Der Tumult im Hof war derselbe wie an jedem Heiratssamstag. Die aufgeregten Insassinnen machten sich gegenseitig so hübsch wie möglich und beteten so inbrünstig wie an keinem anderen Tag um einen netten, gut aussehenden Siedler, der sie aus dem Elend der Anstalt befreite und mit auf eine Farm nahm.
Die junge Frau, die sie »Fisch« nannten, tat nichts dergleichen. Es war der 38. Heiratssamstag, den sie miterlebte, und es sollte ihr vorletzter sein. In drei Monaten musste man sie freigeben, sieben Jahre Verbannung waren dann vorüber, ihre Strafe abgebüßt.

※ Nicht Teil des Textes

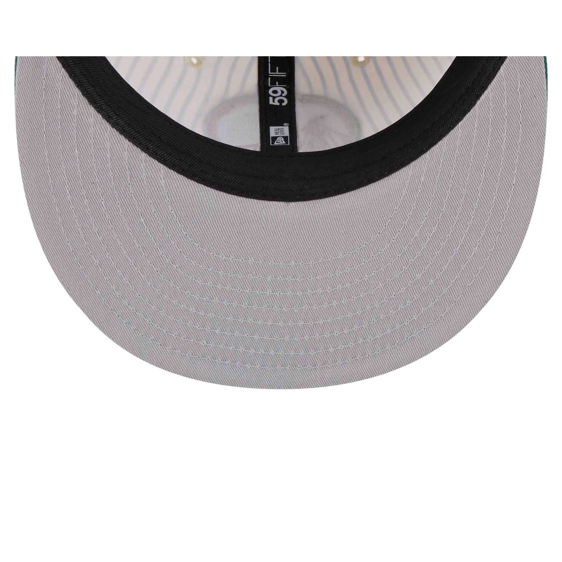 The Just Caps Seersucker Golden State Warriors Retro Crown 59FIFTY Fitted Cap features an embroidered Warriors green and bronze logo at the front panels against a seersucker fabrication throughout the cap. Additional details include matching NBA Logoman at the rear and a gray undervisor.
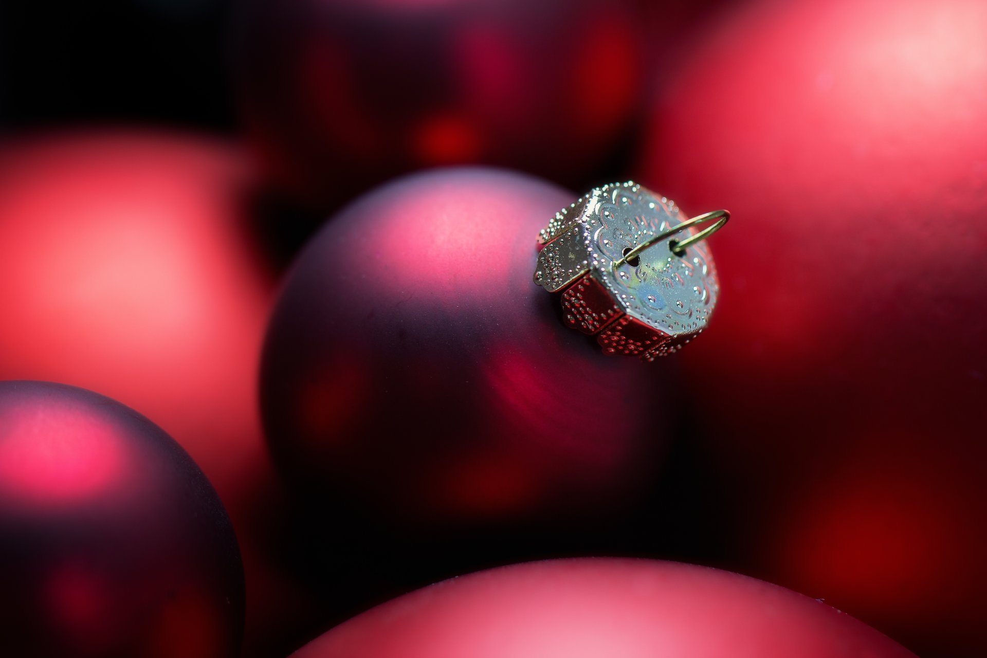 Tres grandes bolas rojas de navidad entre pequeñas plateadas
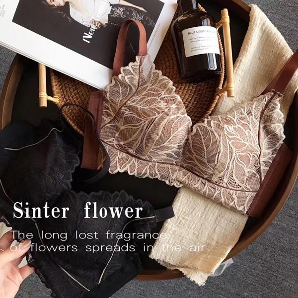 大胆な大きめフラワー刺繍をくすみエレガントなカラーに染め、クラシカルな印象のブラジャー・ショーツセット。
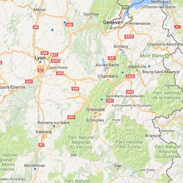 Où dormir : aux hotelF1 de Lyon (Caudan, Beynost, L'Isle d'Abeau, Saint-Priest, Solaize, Oullins ou Venissieux), Chambéry La Motte-Servolex (proche Massif des Bauges), Gières (Grenoble Université, proche La Chartreuse) et de Bourg-lès-Valence (Valence Nord, proche Romans-sur-Isère).
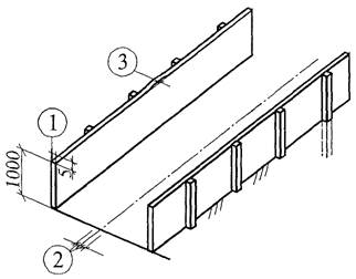 2 - смещение нижней грани опалубки от поперечной оси ± 15 мм;

Als das Signal zur Aufstellung kam, begann der übliche Kampf um die besten Plätze, und Fisch beobachtete, wie Siebzehn-Kinder-Mary verbissen mehrere Insassinnen zu Boden riss und damit aus dem Weg räumte. Die Frauen, die in Tornähe standen, bekamen nie einen Siedler ab, die Männer gingen an ihnen vorbei und pickten sich eine Ehefrau aus der Mitte oder vom Ende der Schlange. Am Anfang der Reihe wollte deshalb kaum jemand stehen. Fisch platzierte sich immer ganz vorne, unter den ersten zehn Gefangenen. Niemand würde sie wählen, auch dann nicht, wenn sie auf dem besten Platz stand, das war ihr ebenso klar wie jeder anderen Frau. Sie hatte sich damit abgefunden. Für sie überwogen die Vorteile, sorgte doch diese Tatsache dafür, dass ihre Mitinsassinnen sie gut leiden konnten – sie stellte keine Konkurrenz dar.

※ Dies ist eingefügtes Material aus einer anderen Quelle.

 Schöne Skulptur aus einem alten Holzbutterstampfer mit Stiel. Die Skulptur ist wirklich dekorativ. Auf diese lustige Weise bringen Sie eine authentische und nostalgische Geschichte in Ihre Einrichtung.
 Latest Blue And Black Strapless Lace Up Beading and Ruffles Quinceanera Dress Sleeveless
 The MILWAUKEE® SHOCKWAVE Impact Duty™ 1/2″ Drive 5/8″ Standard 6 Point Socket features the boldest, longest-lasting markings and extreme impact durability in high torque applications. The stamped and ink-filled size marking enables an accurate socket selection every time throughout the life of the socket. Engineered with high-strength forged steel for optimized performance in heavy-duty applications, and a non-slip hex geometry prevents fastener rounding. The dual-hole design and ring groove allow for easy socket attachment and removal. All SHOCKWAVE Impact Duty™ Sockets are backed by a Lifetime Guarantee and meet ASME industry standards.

Der Heiratssamstag war eine schrecklich langweilige Veranstaltung, das lange Stehen belastete ihr schlimmes Bein, die Temperatur im Hof war kaum erträglich. Die Dezemberhitze brachte den gepflasterten Boden zum Glühen, wurde von den Wänden der Wirtschaftsgebäude reflektiert und brannte einem fast ein Loch in den Nacken. Fisch starrte auf ihre Füße, versuchte Lärm und Klima so gut es ging zu ignorieren und sich ins House Butterfly zurückzuziehen, ein gemütliches, kleines Haus, das sie in ihrer Fantasie bewohnte. Während sie sich vorstellte, wortgewandt und anmutig zu sein, Bücher lesen und Briefe schreiben zu können, wurden die heiratswilligen Siedler in den Hof gelassen und die Auswahl begann. Staubige Männerstiefel zogen in ihr vorbei, blieben meistens gar nicht stehen und wenn, dann nur so lange, bis die Wärterin sie in drei Sätzen vorgestellt hatte. Immer die gleiche Erklärung, danach verschwanden die Stiefel aus ihrem Blickfeld. In sechseinhalb Jahren hatte keiner der Männer auch nur ein Wort an sie gerichtet oder ihr Gesicht sehen wollen. Die dürren Eckdaten ihrer Geschichte reichten, um sie alle zu vertreiben.

»Sie hat keinen Namen. Wir nennen sie Fisch. Fisch Hinkebein«, verkündete die Wärterin, während Fisch auf das 28. Paar Stiefel an diesem Vormittag starrte.
Braunes Leder, staubig und abgestoßen. Kaum einer machte sich die Mühe, die Sonntagskleider anzuziehen, wenn er auf Brautschau ging. Eine Strafgefangene war das nicht wert. Außerdem wäre es noch lächerlicher als es schon war, wenn ein Mann im feinen Zwirn, mit geputzten Schuhen und ordentlicher Rasur, eine Kriminelle in verschlissenen Kleidern heiratete.
»Keinen Namen? Fisch Hinkebein?«, fragte der Besitzer der Stiefel und klang ebenso erstaunt wie irritiert.
Sie sprach in Gedanken die Antwort der Wärterin mit, sie kannte sie auswendig, hatte sie jeden Heiratssamstag unzählige Male gehört.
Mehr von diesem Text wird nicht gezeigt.